Arayes are a popular Lebanese street food and they will be your new weeknight favourite. You start by stuffing a pita with spiced ground beef. The pita is then grilled until crispy as the meat tenderly cooks inside. The result is a sandwich that’s crispy on the outside and incredibly juicy in the middle. You can use beef or lamb, depending on your preference. We like to use fluffier, small pitas but any size will do. Serve arayes alongside a simple tahini drizzle to compliment all of the flavours.
Preheat oven to 425°F and line a baking sheet with parchment paper.
Chop the onion and parsley roughly and place in the food processor. Pulse until very finely chopped.
Place the ground beef in a large bowl, add the pine nuts, cinnamon, cumin, salt, pepper and chopped parsley and onion. Mix until well combined.

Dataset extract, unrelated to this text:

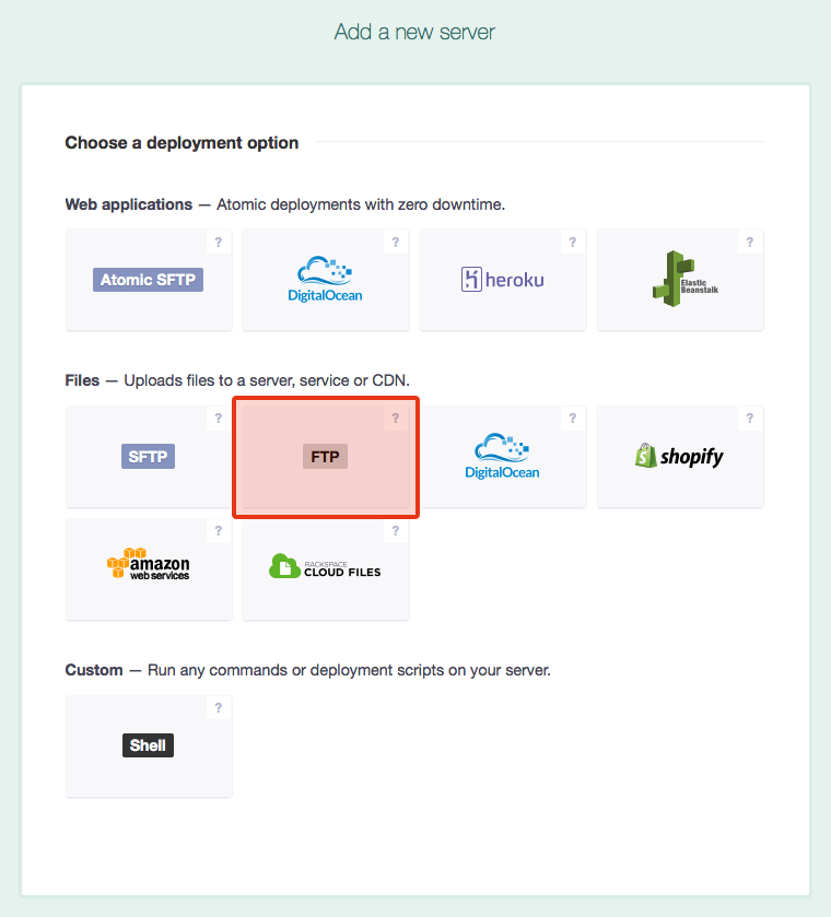 今回はFTPSを用いてレンタルサーバーアップロードしますので、Filesの「FTP」を選択します。

Slice the pitas in half. Scoop about a heaping ¼ cup of the beef mixture into the open pita.
Repeat until all of the meat is inside the pitas.
Heat a grill pan over medium-high and drizzle with extra virgin olive oil. Once hot, place the pitas, meat side down, onto the grill pan and cook for 5 minutes. Flip to the side, continue to cook the pita for 5 minutes, then flip again so the other side of the pita cooks for an additional 5 minutes until it’s crispy and golden. Work in batches, if you need to.
Place the pitas on the prepared baking sheet and put them in the 425°F oven to cook for 7-10 minutes to ensure the beef is fully cooked.
As the arayes are cooking, make the tahini sauce by whisking all ingredients together in a bowl.
Remove the arayes from the oven and enjoy with the tahini sauce.